• [Task item] Write down exactly the lines from the one below that has "J. Zb. [ZBOROWSKI" to the end of the data, both ends included; the pictures should not appear in your copy.

• [Available data]
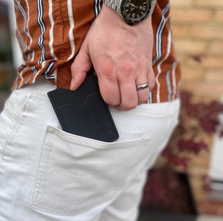 Leather card holder compact 3 slot card wallet (it will also take a couple of folded notes too) will slip into a pocket or bag with ease.
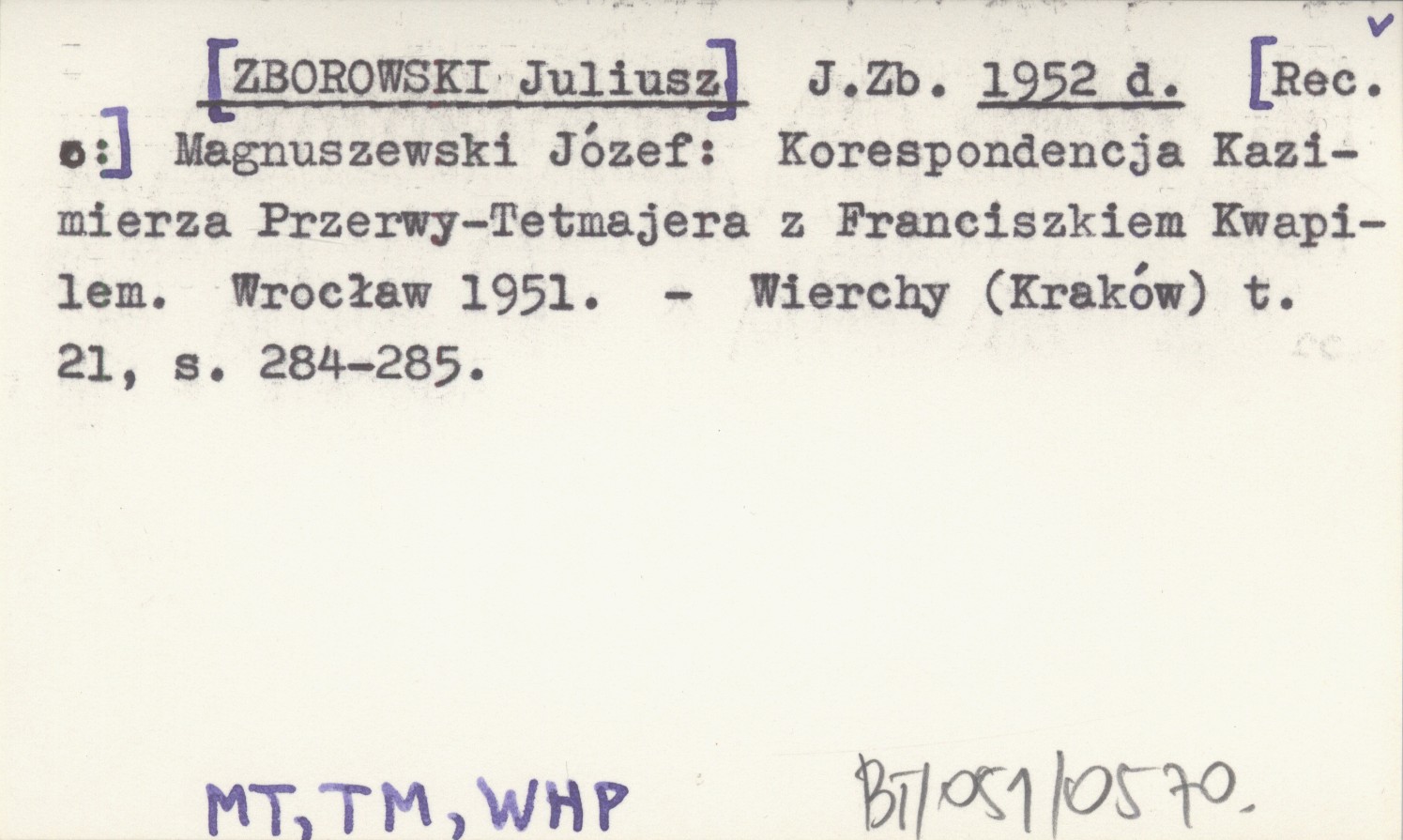J. Zb. [ZBOROWSKI Juliusz] 1952 d [Rec. o:] Magnuszewski Józef: Korespondencja Kazimierza Przerwy-Tetmajera z Franciszkiem Kwapilem. Wrocław 1951.
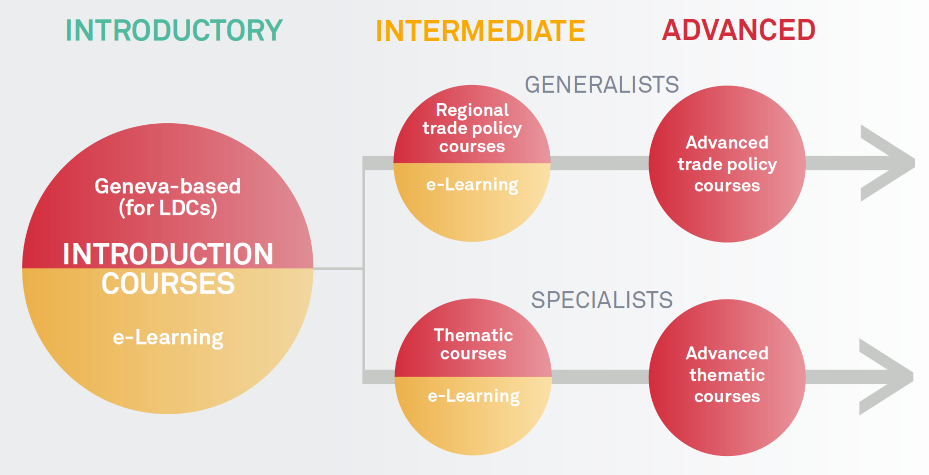 Our e-Learning courses are designed to align with the WTO's Progressive Learning Strategy (PLS), offering targeted training at basic and intermediate levels. The courses are structured into two complementary learning paths: "Generalists," providing a broad understanding of WTO and trade issues, and "Specialists," offering in-depth expertise in specific trade topics. This dual approach ensures a comprehensive, flexible learning experience for our audience, addressing both foundational and specialized knowledge needs.

• [Problem solution]
J. Zb. [ZBOROWSKI Juliusz] 1952 d [Rec. o:] Magnuszewski Józef: Korespondencja Kazimierza Przerwy-Tetmajera z Franciszkiem Kwapilem. Wrocław 1951.
 Our e-Learning courses are designed to align with the WTO's Progressive Learning Strategy (PLS), offering targeted training at basic and intermediate levels. The courses are structured into two complementary learning paths: "Generalists," providing a broad understanding of WTO and trade issues, and "Specialists," offering in-depth expertise in specific trade topics. This dual approach ensures a comprehensive, flexible learning experience for our audience, addressing both foundational and specialized knowledge needs.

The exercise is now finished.